**Exercise data**
-- Opening Marker --
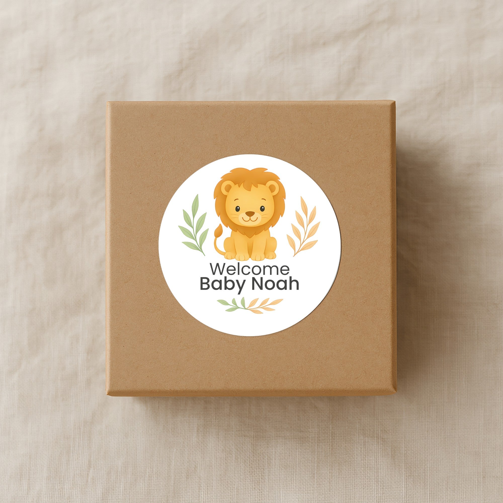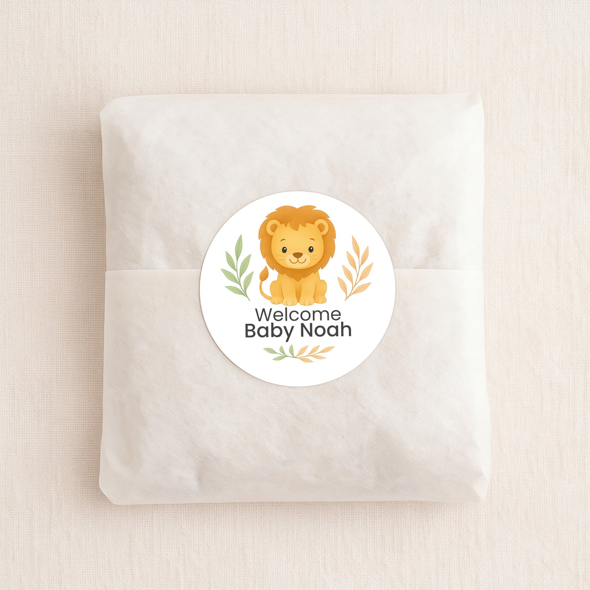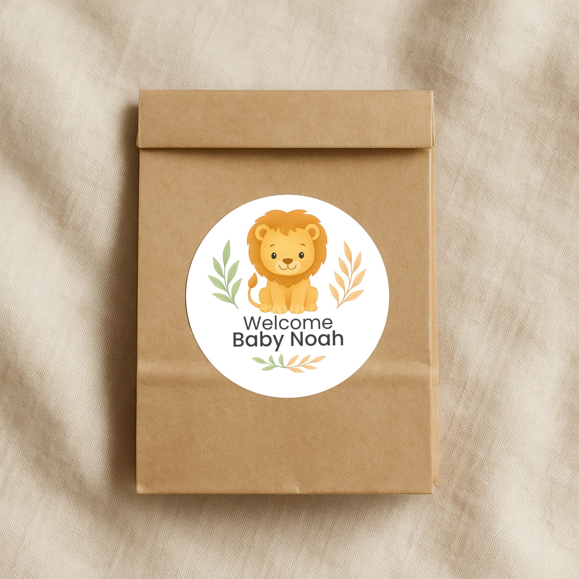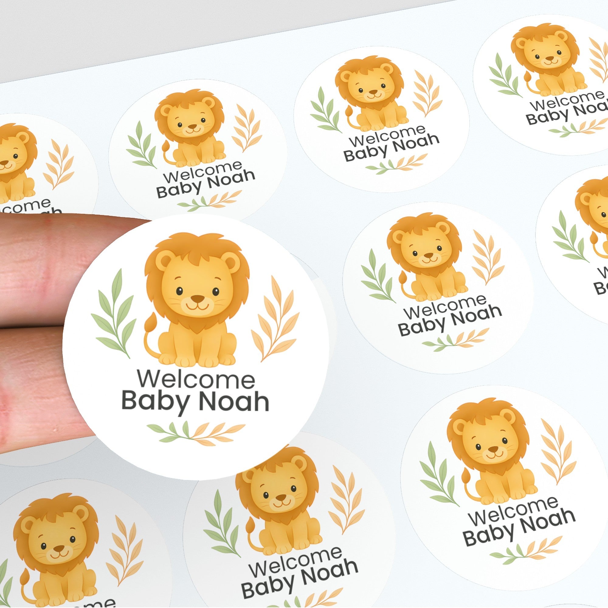 Personalised Lion Baby Shower Stickers – Safari Welcome Baby Favour Labels
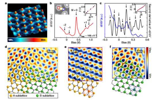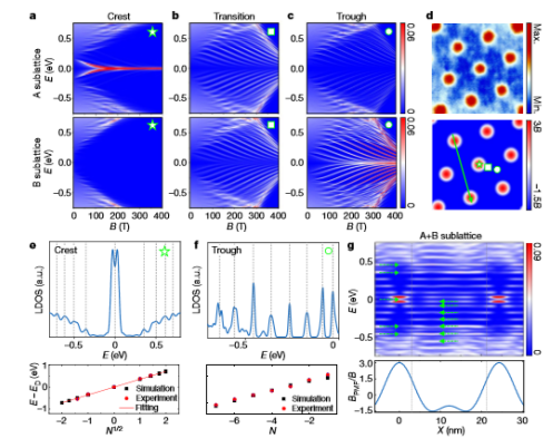 Fig. 2 彎曲石墨烯中的偽朗道能級量子化和亞晶格極化。
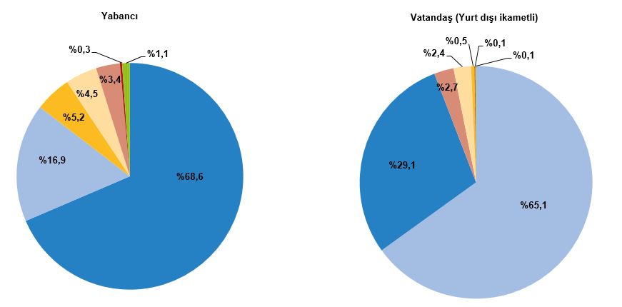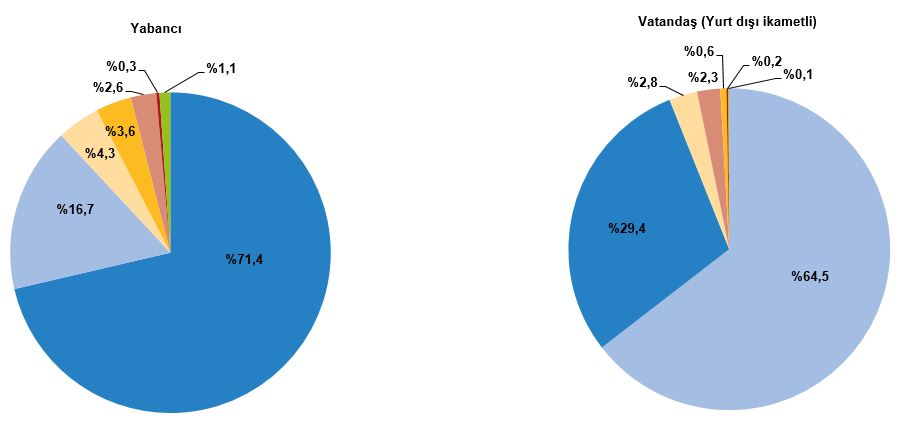 Bu çeyrekte yabancı ziyaretçiler ülkemizi %68,6 ile en çok "gezi, eğlence, sportif ve kültürel faaliyetler" amacıyla ziyaret etti
-- Closing Marker --
Give back the whole listing exactly as written. Do not include any picture.

**Response area**
 Personalised Lion Baby Shower Stickers – Safari Welcome Baby Favour Labels
 Fig. 2 彎曲石墨烯中的偽朗道能級量子化和亞晶格極化。
 Bu çeyrekte yabancı ziyaretçiler ülkemizi %68,6 ile en çok "gezi, eğlence, sportif ve kültürel faaliyetler" amacıyla ziyaret etti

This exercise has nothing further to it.